[fpc-pascal] Unicode file routines proposal

Mon Jun 30 16:35:20 CEST 2008

> On Mon, Jun 30, 2008 at 10:32 AM, Marco van de Voort <marcov at stack.nl> wrote:
> > It should be possible to work in the native encoding. One doesn't want to
> > wrap _every_ function in _every_ header with conversions procs.
> 
> It is not possible to work with a ever changing encoding.
> 
> MyLabel.Caption := 'Li??o';
> 
> How would that ever work with a ever changing encoding? It would not.

Encoding in source is something totally different. This is '\u1232\u2314'
like syntax can be changed to utf8/16 by the compiler. In theory I think,
practice might be else.

> If you go to the real implementation level a changing encoding quickly
> becomes unmanagable.

That's why I don't believe the one string type two encoding helps. But if
fileexists is utf-8 on unix and utf-16 on windows, and any utf-16 or UTF-8
string that you pass from Lazarus is auto converted, what is the exact
problem? Everybody can maintain certain subsystems in a certain encoding,
but doesn't force that choice upon others.

> And what about the LFM files? In which encoding will they be?

The one you annotate in it? The loading code can decode both, since both
systems have both ?

> What if you develop a software in one system and tryes to build it in
> another?

What does that mean for the fully UTF-16 system?
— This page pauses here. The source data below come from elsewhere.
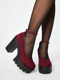 Neue stilvolle vielseitige Burgunder Party-/Büro-/Laufsteg-Plateau-Absatz-Wasserdichte Plateau-High-Heels für Frauen, geeignet für alle Jahreszeiten
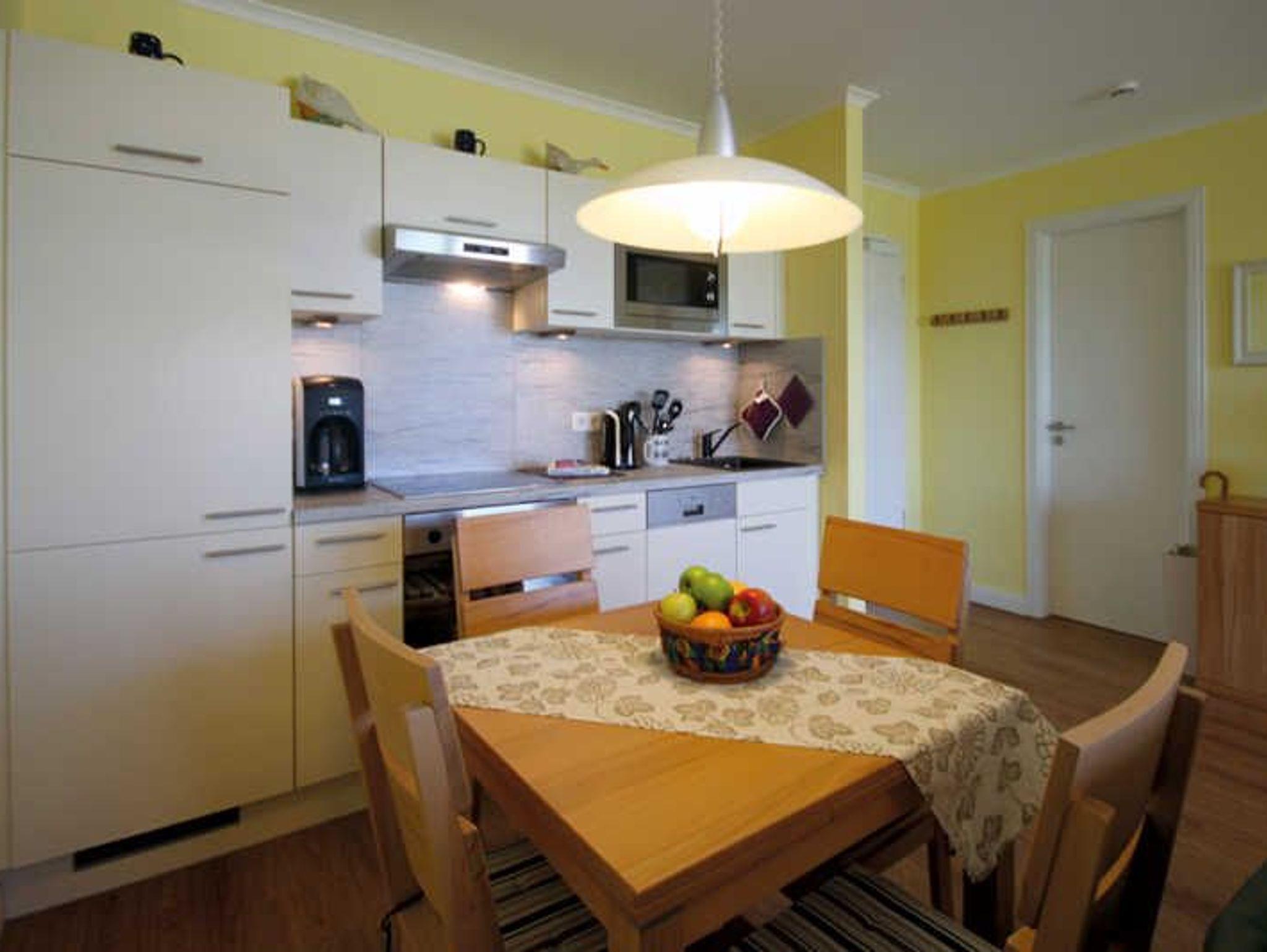 Der Wohn-/ Essbereich empfängt Sie mit einer gemütlichen Sitzecke. Die ausziehbare Polstergarnitur bietet eine zusätzliche Liegefläche (1,50 x 1,90 m). Der Esstisch ist bei Bedarf ebenfalls ausziehbar und mit vier Stühlen bestückt worden. Für die Unterhaltung stehen hier ein TV- Gerät und ein Radio zur Verfügung. Die offene Einbauküche ist neben der Standardbestückung mit Geschirrspüler, Kühlschrank, inklusive Gefrierfach, Glaskeramik-Kochfeld, Backofen und Mikrowelle ausgestattet. Das Schlafzimmer verfügt über ein gemütliches Doppelbett und einen großen Kleiderschrank. Ein separater Abstellraum bietet weiteren Stauraum für Ihre mitgebrachte Urlaubskleidung. Im Duschbad finden Sie dann eine bodengleiche Dusche, einen Föhn und Handtuchtrockner vor. Auf den Balkon gelangen Sie über den Wohnbereich. Der Balkon ist in Nord-Ost-Ausrichtung mit Blick zum nahegelegenen Deich angelegt worden. Der Strand liegt nur 50 m entfernt. Zu Ihrer Ferienwohnung gehört ein kostenfreier Tiefgaragenstellplatz. Bitte beachten Sie die Durchfahrtshöhe von max. 1,90 m. Der im Gebäude installierte Aufzug erleichtert den Transport der mitgebrachten Koffer. Im Eingangsbereich der Villabefindet sich ein abschließbarer Fahrradraum sowie der angrenzende Waschraum. Eine Waschmaschine und ein Trockner stehen zu Ihrer Verfügung (gegen Gebühr / 1,00 € Münzen). Das kostenfreie WLAN in der Unterkunft ist ausschließlich für die Verwendung von Social Media und den Austausch von Bildern mit Familie und Freunden gedacht. Die Nutzung zum Streamen von Filmen ist nicht vorgesehen. Eine Fußbodenheizung sorgt auch an kalten Tagen für angenehme Wärme in allen Räumen. Noch einige Hinweise: Es handelt sich um eine Nichtraucherwohnung. Haustiere sind nicht gestattet. Für die dritte und vierte Person (ab 3 Jahre) wird ein Aufpreis in Höhe von 10,00 €/ÜN pro Person berechnet. Wäschesets, Kinderreisebett und Kinderhochstuhl können mit Aufpreis separat gebucht werden. Sichern Sie sich einen der begehrten Strandkörbe nur ein paar Meter entfernt von den rauschenden Wellen der Ostsee (Anfang Mai - Ende August) und buchen Sie jetzt zu besonderen Konditionen (12,00 € pro Tag oder 75,00 € pro Woche).[nbsp]
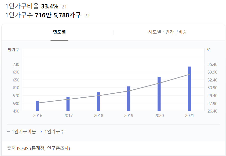 통계청 자료에 의하면 2021년 1인가구비율은 33.4%, 가구수도 716만에 이른다.
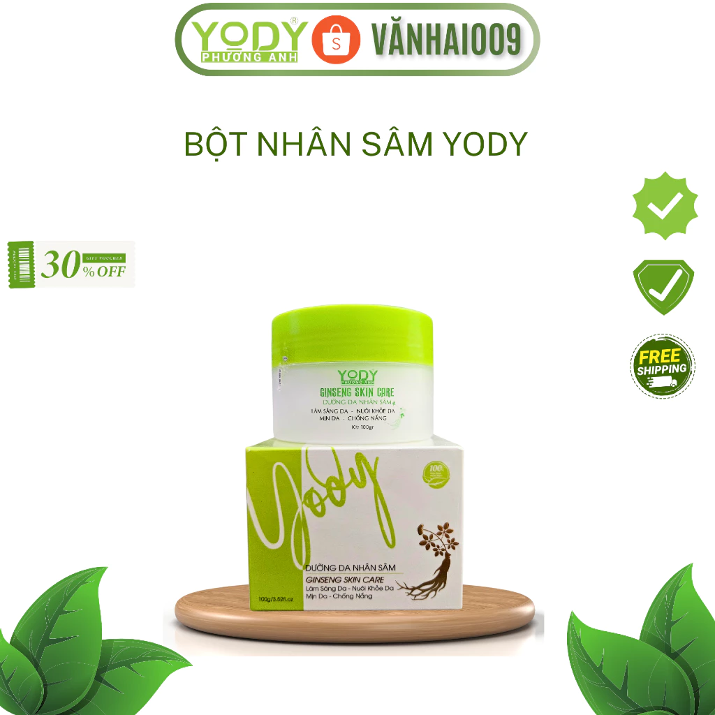 - Thành phần tự nhiên: Bột nhân sâm Yody Phương Anh được làm từ nhân sâm, một loại thảo dược được biết đến với khả năng chăm sóc da an toàn và hiệu quả.

First you may start with
wrapping all C api's that use utf-8 on Unix. 

I understand the simplicity of one encoding is appealing, but you have to
look at all aspects, and that is not just representation in the GUI.

It will mean that _every_ string transactie to the outside will have to be
manually wrapped AND have a performance penalty. That is a heavy price to
pay for not touching a bit of lfm loading code.
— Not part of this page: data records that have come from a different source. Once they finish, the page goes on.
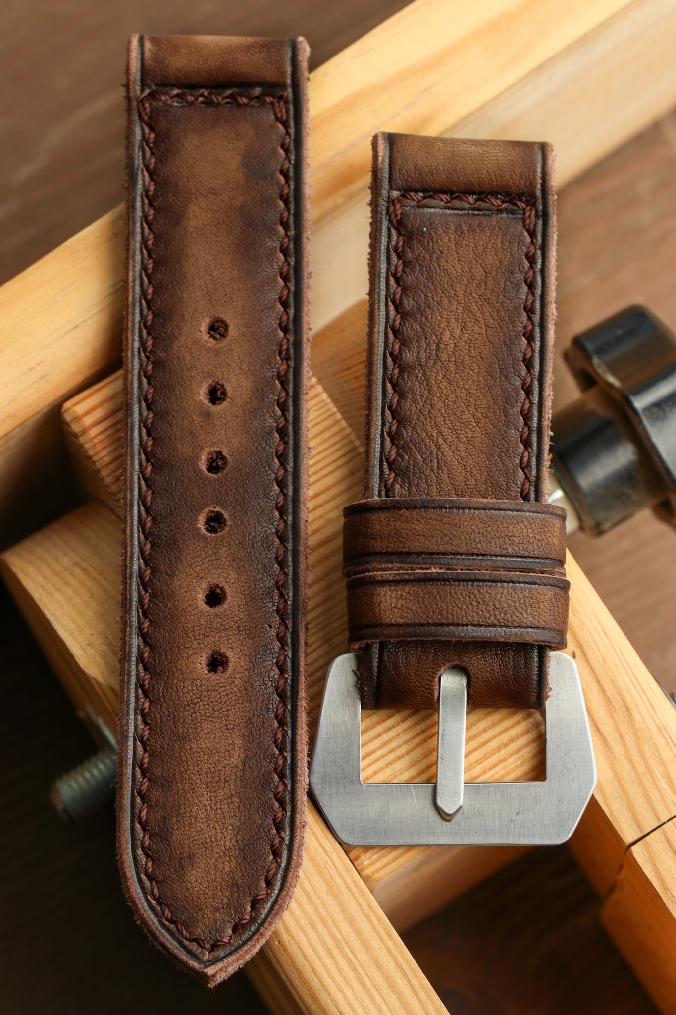 Sword Watch Straps are made using finest quality calf leather. Our straps are handmade from the stitching to the cutting of the leather. We offer world-wide express shipping. Your order will be custom made upon order. Due to the custom nature of the item expect your item to be ready for shipping 12-17 days after the order. We use Express postage and you should expect delivery delivery in 1-3 days after your strap has been made .You will find our watch straps are the finest quality and due to the nature of the hand made process, no two are the same. You will have a individual strap that will last. Thanks for choosing us.
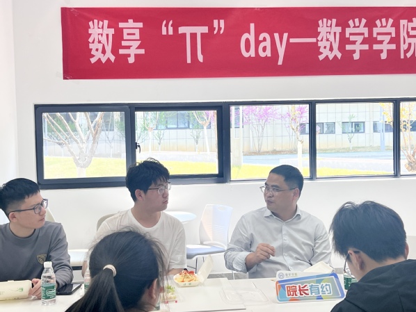 为进一步强化学术引领,激发学习内驱力,3月26日中午,桃子视频 在天目湖校区一站式学生社区举办数享“π”day——院长有约活动。学院副院长龚跃政,辅导员赵美婷,2024级本预科生代表参加此次活动。
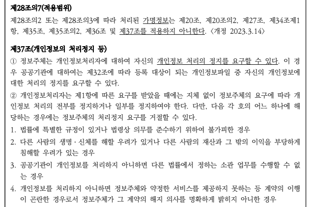 ⑴ ‘가명정보를 처리하는 것’은 개인정보 보호법 제28조의2에 따라 정보주체의 동의 없이 가능하고, 제28조의7에서도 가명정보에 대해서는 제37조의 적용을 배제하고 있으므로, 정보주체가 (이미 가명처리된) 가명정보에 대하여 정보 처리의 정지를 요구할 수 없음은 분명함

> Ok, to go one step further: Has anyone ever seen a fully unicode
> system which works with changing encodings? I beliave there exists
> none, because this is not a good solution.

How many systems do you know have datafiles of like .lfm's over system
borders?

> > Well, they will have to do that with one string type too, at every
> > external barrier.
> 
> This is already necessary.

But if you properly type them, some conversions maybe automatic. Something
you don't have with a single type.

> > That also kills the benefit of choosing UTF-16 in the first place, since
> > Delphi code won't work on Unix without manually inserting a lot of
> > conversion code.
> 
> Delphi code can use the ansi routines, which could just call the
> utf-16 routines with a string conversion, or you can implement every
> routine twice to maximize speed.

If the unicode code is not compatible with Delphi (UTF-16), there is no
point in using UTf-16 in the first place.